New Issue: BMO lifts REX MicroSectors FANG inverse leveraged ETNs to $1.55 billion

By Marisa Wong

Los Angeles, Aug. 21 – Bank of Montreal priced $500 million of additional 0% MicroSectors FANG+ index negative 3x inverse leveraged exchange-traded notes due Jan. 8, 2038 linked to the NYSE FANG+ index, total return, according to a 424B2 filing with the Securities and Exchange Commission.

Bank of Montreal previously issued $1.05 billion of the notes, including the initial $50 million at par on Jan. 22, 2018; $25 million on each of July 26, 2019, Dec. 19, 2019 and Jan. 10, 2020; $50 million on Jan. 17, 2020; $50 million on Feb. 6, 2020; $100 million on Feb. 25; $250 million on June 12; and $475 million on July 9. The reopened notes may be sold from time to time at variable prices.

The underlying index is an equal-dollar weighted index designed to represent a segment of the technology and consumer discretionary sectors consisting of highly traded growth stocks of technology and tech-enabled companies. The index currently has 10 constituents.

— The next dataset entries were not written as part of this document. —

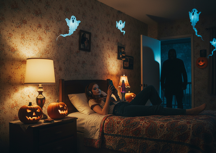 "Драматическое вечернее освещение: единственный источник света — настольная лампа, создающая глубокие тени"
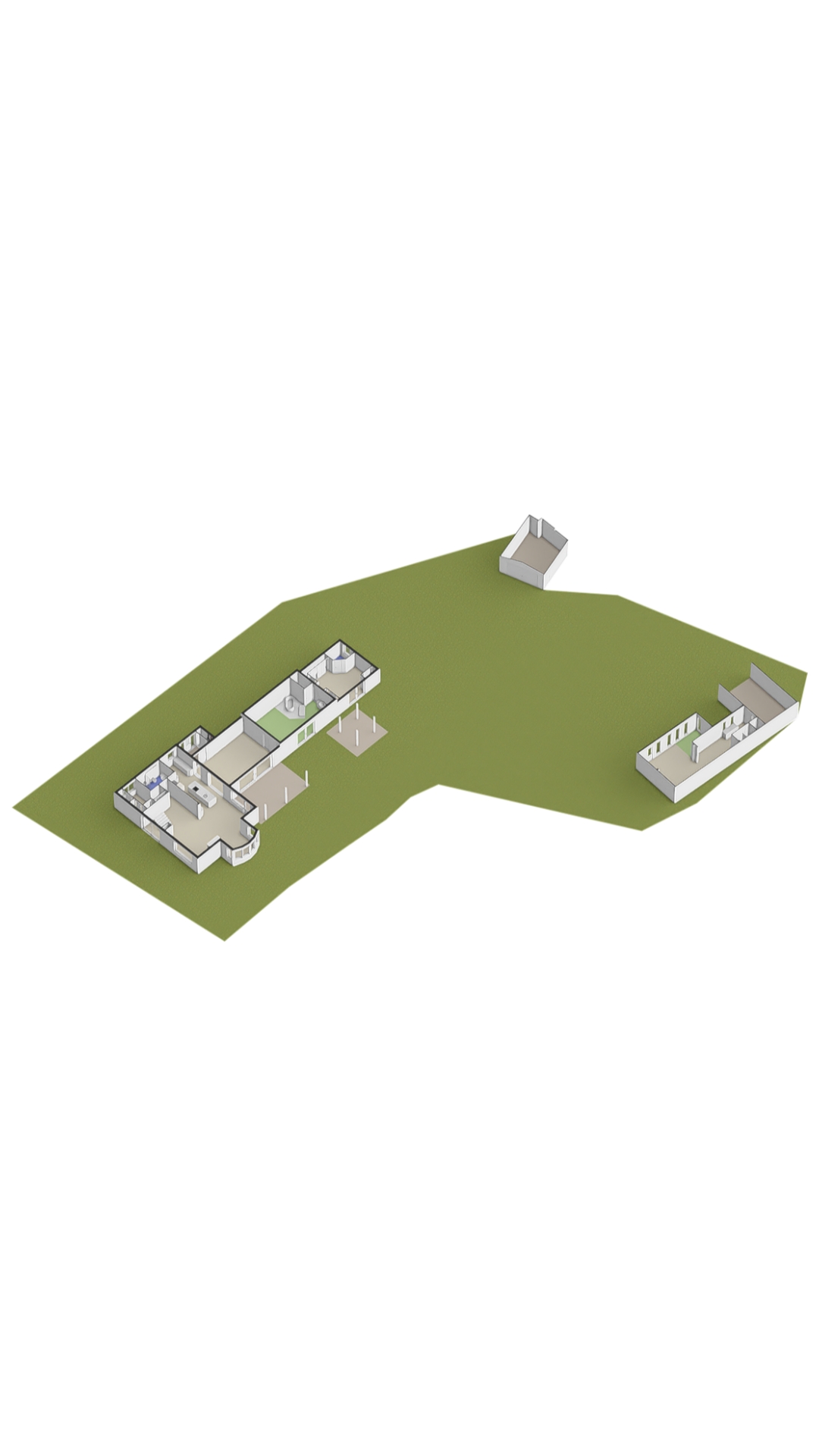 Guesthouse: Side entrance under the double carport, open kitchen, shower, living room, bedroom.
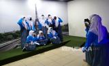Pengunjung mencoba permainan interaktif meniti besi Menara Eiffel saat peresmian zona jelajah baru Menara Eiffel di Taman Pintar, Yogyakarta, Kamis (2/12). Zona  jelajah Menara Eiffel ini untuk menambah wawasan pengunjung terkait Menara Eiffel. Selain itu juga untuk mempererat hubungan antara Indonesia dengan Perancis. (FOTO : Wihdan Hidayat / Republika)
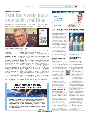 • Grupo Salinas deberá cubrir los impuestos fiscales el cosmos. Los extraterrestres
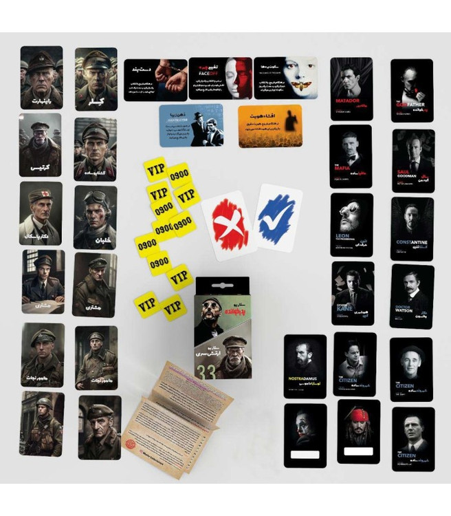بازي فکري مدل ارتش سري داراي 12 کارت بازي و 12 کارت مخصوص اتاق گفتگو ميباشد ( 3 کارت تيم گشتاپو ، 5 کارت تيم نجات ، 2 کارت مستقل (مشتري) ، 12 ژتون اتاق مخصوص ، 2 کارت بي نام ) مجموعه کارتها براي بازي 12 نفري به همراه گرداننده به روش سناريو ارتش سري فيليمو طراحي و توليد شده است . براي آموزش روش بازي و توضيح نقشها ، برگه راهنما درون محصول مفصل توضيحات را ارائه ميدهد ، قصد اوليه طراحي و توليد اين محصول صرفا کمبود کارت کامل و مقرون به صرفه در بازار بود ، در نتيجه پس از استقبال علاقه مندان و دريافت نظرات متعدد ، اقدام به توليد اين محصول نيز نموديم . جنس کارتها لمينيت دورو چاپ با روکش سلفون مات بوده که مقاومت آنها را چند برابر مي کند
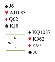 Sjansen er at vest har ruter dame. Idet øst er så «frekk» at han finner trumf tilbake og ødelegger plan A skifter du fot! Trumfen tas ut i tre runder (vest har tre hjerter, øst to). Så spilles ruter knekt. Det er ikke en finesse, for du mangler jo tieren. Men vest må dekke, gjør han ikke det lar du knekten seile og tar elleve stikk (ruteren går i så fall om knekten vinner stikket) idet hele spillet ser slik ut fra start:
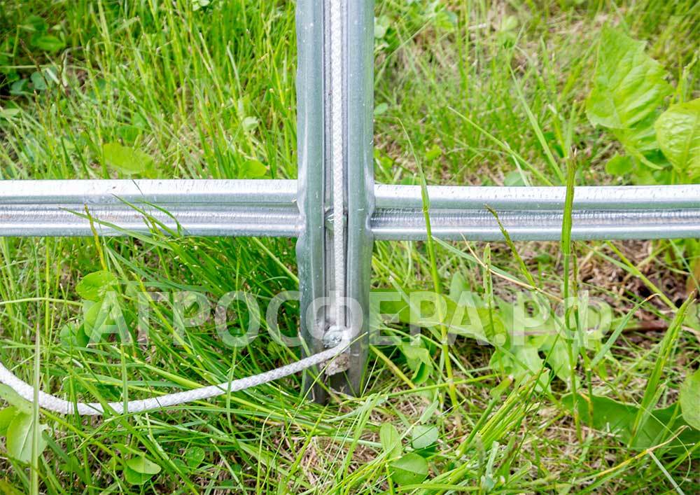 5) цельносварные торцы (соответствует 60 см свежевыпавшего снега)Защита каркаса от ржавчины: труба оцинкована и по наружной, и по внутренней поверхности; толщина слоя оцинковки — 140–180 мкм (очень высокая степень защиты); все сварные швы защищены специальной антикоррозийной краской
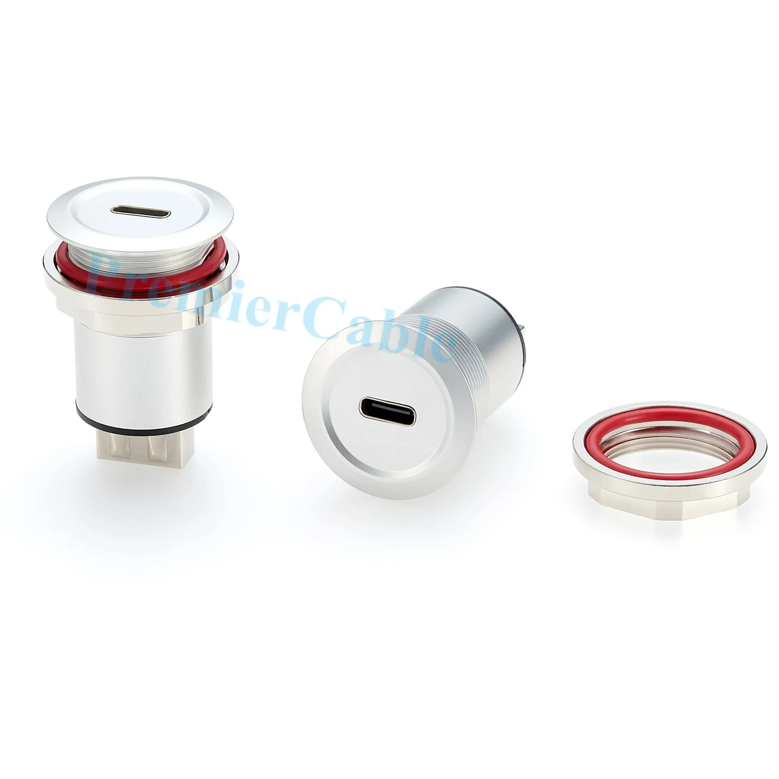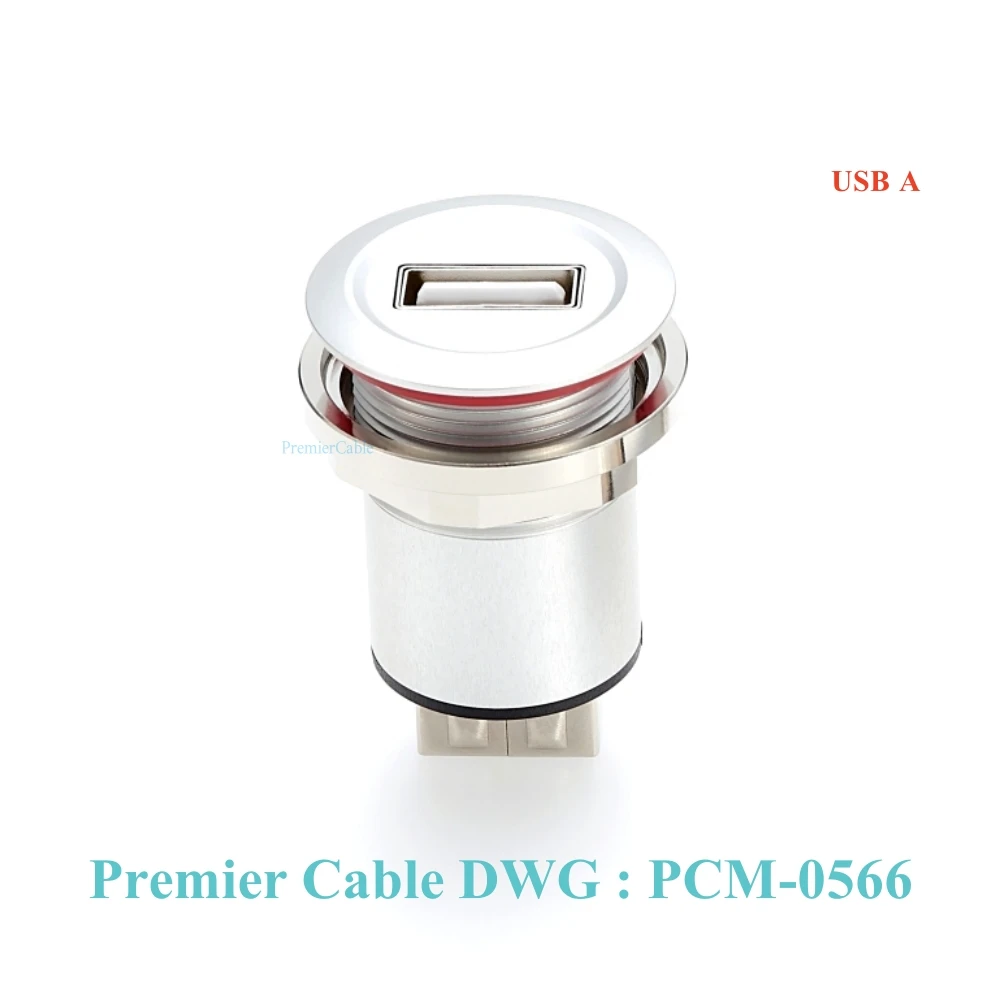 USB C to A Round Panel Mount Adapter 23mm Chrome
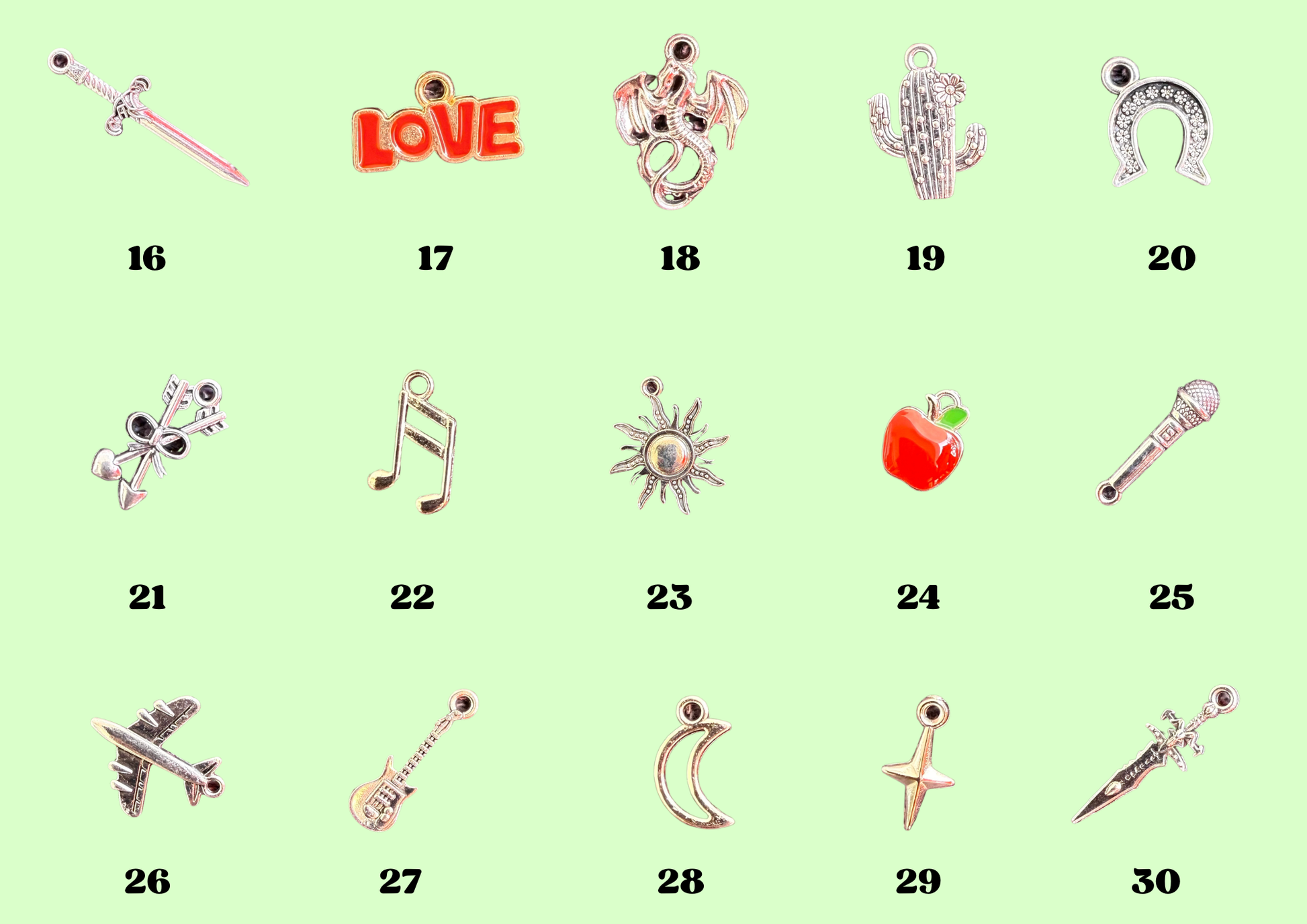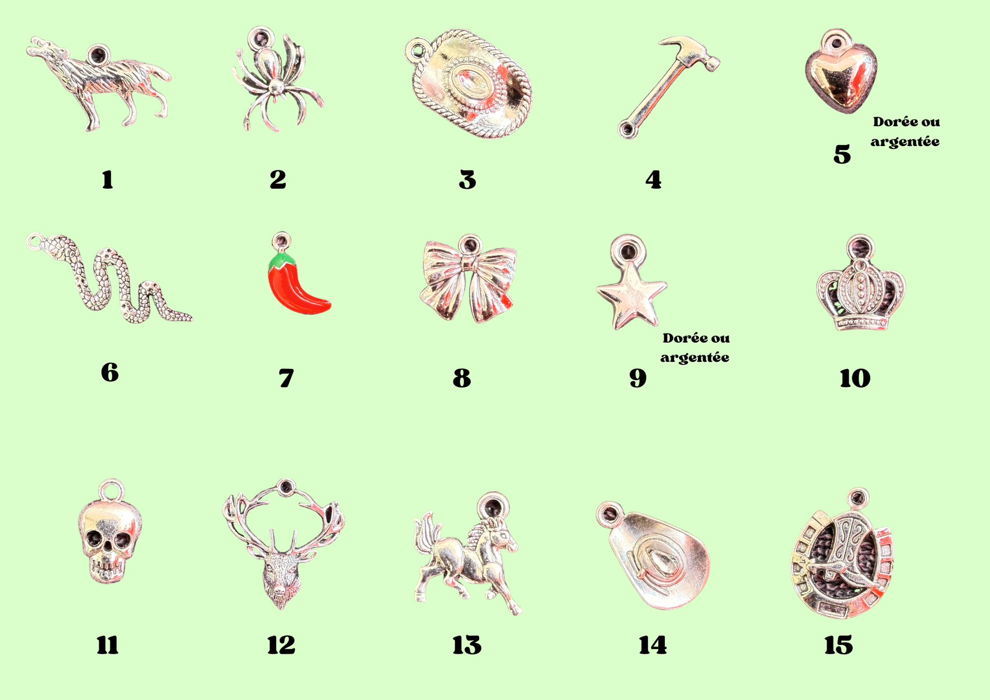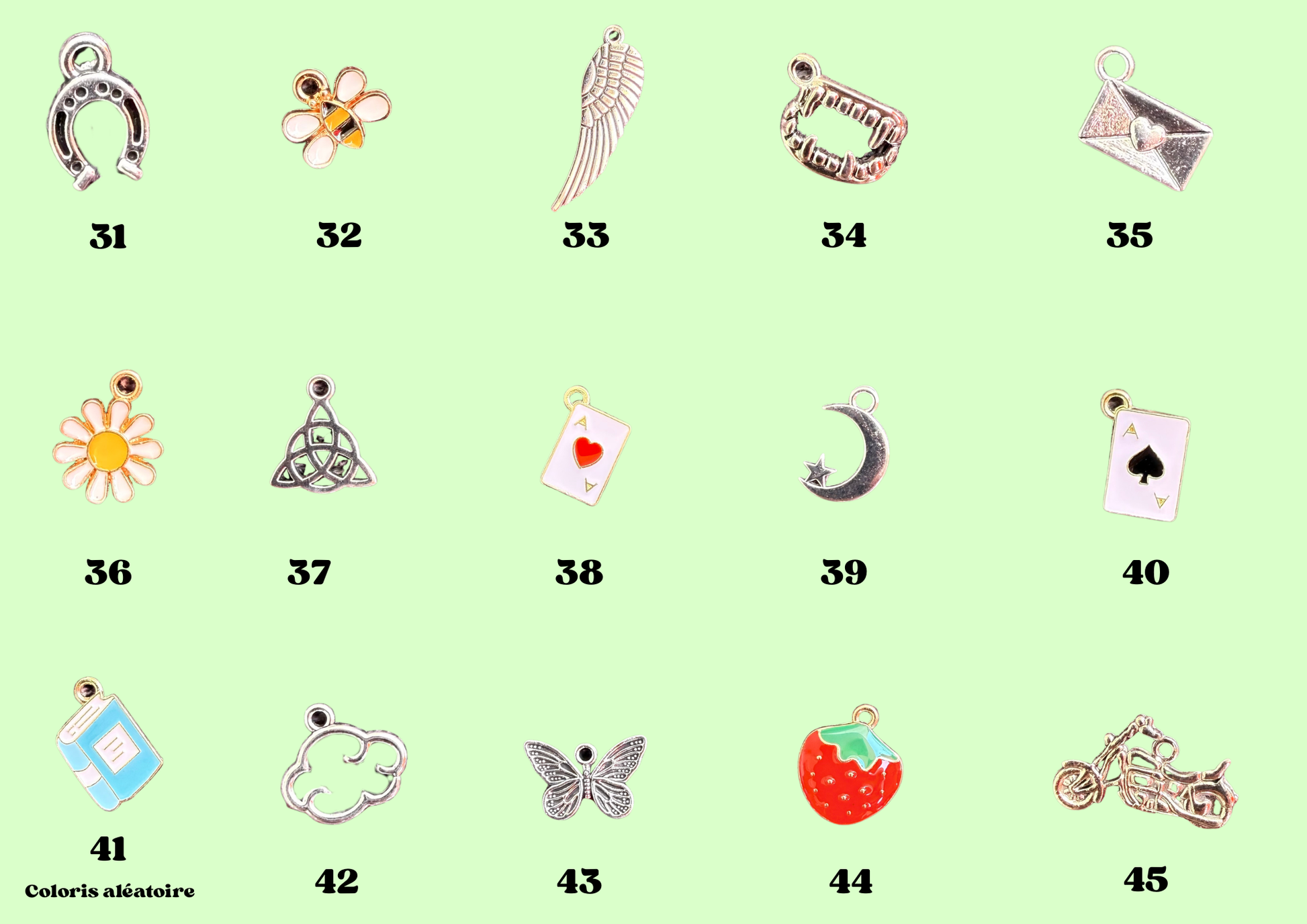 - choisis 4 charms parmi la sélection et indique leurs numéro

The return on the notes is linked to a three times leveraged participation in the daily inverse performance of the index.

The payout at maturity will be a cash payment in dollars equal to the average of the closing indicative note values on each of the five trading days from and including Dec. 29, 2037, subject to a floor of zero.

The indicative note value on the pricing date was $50. On any subsequent business day, the closing indicative note value will equal (a) the deposit amount on that day minus (b) the short index amount on that day. However, if that calculation results in a value less than or equal to zero, the closing indicative note value will be zero. If the closing indicative note value is zero on any business day or the intraday indicative value falls to or below zero at any time on any day, then the indicative note value on all future days will be zero. If the indicative note value is zero, the cash settlement amount will be zero.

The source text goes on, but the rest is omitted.